Je me figeai de tout mon corps et je gardai les yeux fixés sur mon père, qui fixait maintenant le chef du crime russe juste derrière moi.
« Toi aussi, Viktor. Merci d'être venu ce soir. Je sais que tu as dit que New York était un peu excentré. »
« Ah, eh bien, ce n'est pas tous les jours qu'on est convoqué à un événement dans des circonstances aussi particulières. »
« Voici ma fille Millicent. Millicent, voici Viktor Kozlov. Dis bonjour. » Mon père sourit, comme un parent qui présente son enfant à…
« Enchanté, Millicent. » Mon nom sonnait bien avec un accent russe.
Concentre-toi, Millie !
Je me suis finalement retournée et je me suis retrouvée face à un criminel russe amusé. Il était suivi de deux hommes qui semblaient eux aussi plutôt amusés par la situation.
Je n'étais pas vraiment à ma place. Je lui tournais le dos tout le temps. La plupart des gens se seraient écartés et l'auraient laissé entrer dans notre cercle dans la salle de bal, juste par politesse.
« Salut », ai-je soufflé. Puis il a haussé un sourcil et j'ai réalisé que j'avais mal répondu. « Oh, euh… enchanté aussi. »
C'est pour ça que je ne viens pas à ces événements. Ce n'est pas bon pour ma réputation d'éditeur respectable.
Viktor salua d'abord ma mère et mon oncle par respect avant de se tourner vers mon frère et mon cousin.
« Julius, Damian. » Il leur fit un signe de tête et, vu l'absence de tension, je voyais bien qu'ils étaient définitivement en phase, du moins pour les affaires.
« Comment vas-tu, Viktor ? Ça fait un bail. » demanda Damian, plus amical que je ne le pensais.
S'ils ont vraiment une bonne relation, ce sera bon pour moi, non ? Peut-être que je pourrai jongler entre la vie dans les deux familles ? Si Viktor n'est pas un maniaque du contrôle.
« Occupé. » Viktor laissa échapper un rire. « On vient d'arriver de Lisbonne il y a quelques heures. J'ai réservé la piste pour minuit ce soir pour Paris. »
« Eh bien, merci d'être venu. J'espère que ce n'est pas un fardeau. » Mon père sourit en sirotant son champagne.
« Bien sûr que non. J'ai des affaires à régler plus tard, de toute façon. » Il sourit à mon père avant de se tourner à nouveau vers moi. « Veux-tu prendre un verre avec moi ? Je ne reste pas ce soir, j'ai d'autres engagements. »
« Quoi, m-maintenant ? »
Doux, tout doux.
« Oui. » Il ravala un rire sous le choc. J'avais l'air d'un poisson hors de l'eau.
Je pensais avoir encore un peu de temps avant d'être obligé d'avoir une conversation en tête-à-tête avec lui.
« Ah oui. D'accord. » J'acquiesçai, prévoyant déjà de me faire un petit discours d'encouragement en chemin.
Il prit le verre vide que je tenais et le tendit à l'un des gars avec qui il était.
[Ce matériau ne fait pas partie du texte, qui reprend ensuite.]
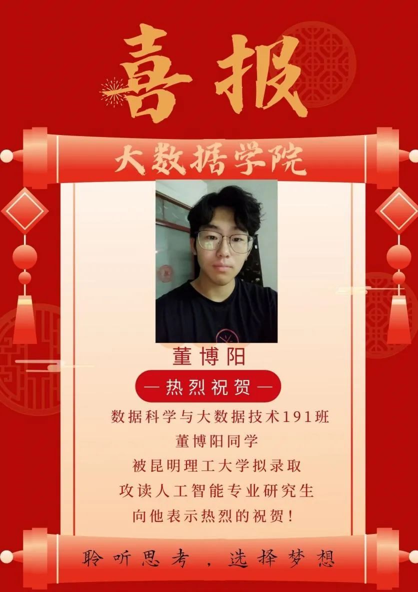 本网讯(文/董博阳 图/董博阳 李贵)在2023年全国硕士研究生招生考试中,大数据学院数据科学与大数据技术专业191班董博阳同学拟录取昆明理工大学,特发喜报表示热烈祝贺!

Puis il me prit la main, m'éloignant de ma famille plutôt amusée.
Je me suis retournée pour fusiller du regard chacun de ces traîtres.
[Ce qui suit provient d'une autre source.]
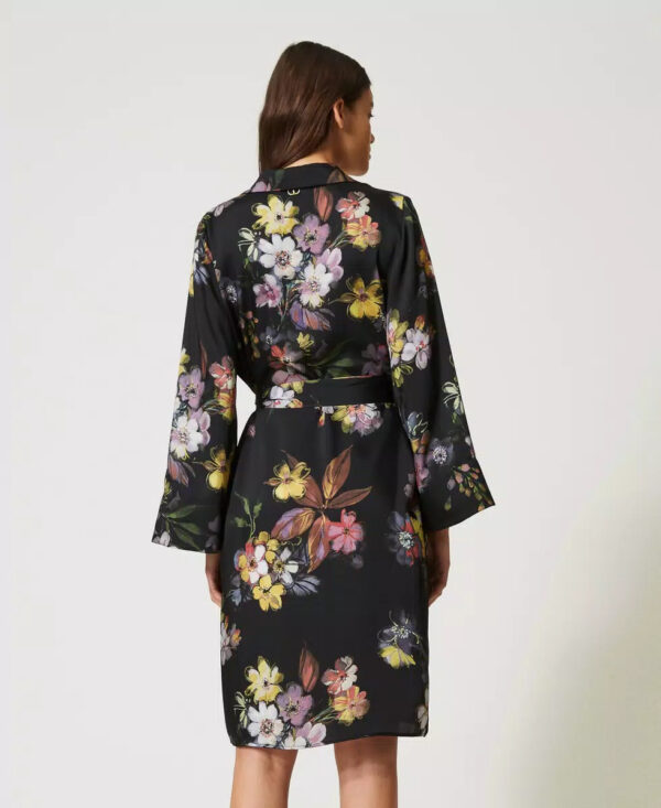 Abito corto chemiser in twill a stampa floreale con collo a camicia, bottoni in tinta, maniche a kimono, linea dritta, cintura abbinata.

Alors que Viktor traversait la salle de bal, la foule s'est ouverte pour lui. Je voyais ses agents de sécurité surveiller ses moindres faits et gestes depuis les quatre coins de la salle. Certains m'ont même regardée avec prudence, comme si j'allais enlever ma chaussure et lui planter mes Louboutin dans le cou.
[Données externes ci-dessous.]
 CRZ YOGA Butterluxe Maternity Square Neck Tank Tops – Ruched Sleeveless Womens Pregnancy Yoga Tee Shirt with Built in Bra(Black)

Je ne gâcherais jamais une si belle chaussure.
J'ai résisté à l'envie de lever les yeux au ciel en approchant du bar. Je savais que beaucoup d'yeux étaient braqués sur nous à ce moment-là. Tout le monde savait probablement de quoi nous parlions.
Viktor s'est arrêté au bar et s'est tourné vers moi pour me sourire. « Que veux-tu ? »
« Une margarita, s'il te plaît. » Au diable les règles de Papa Darmos. C'est lui qui m'a mise dans cette situation.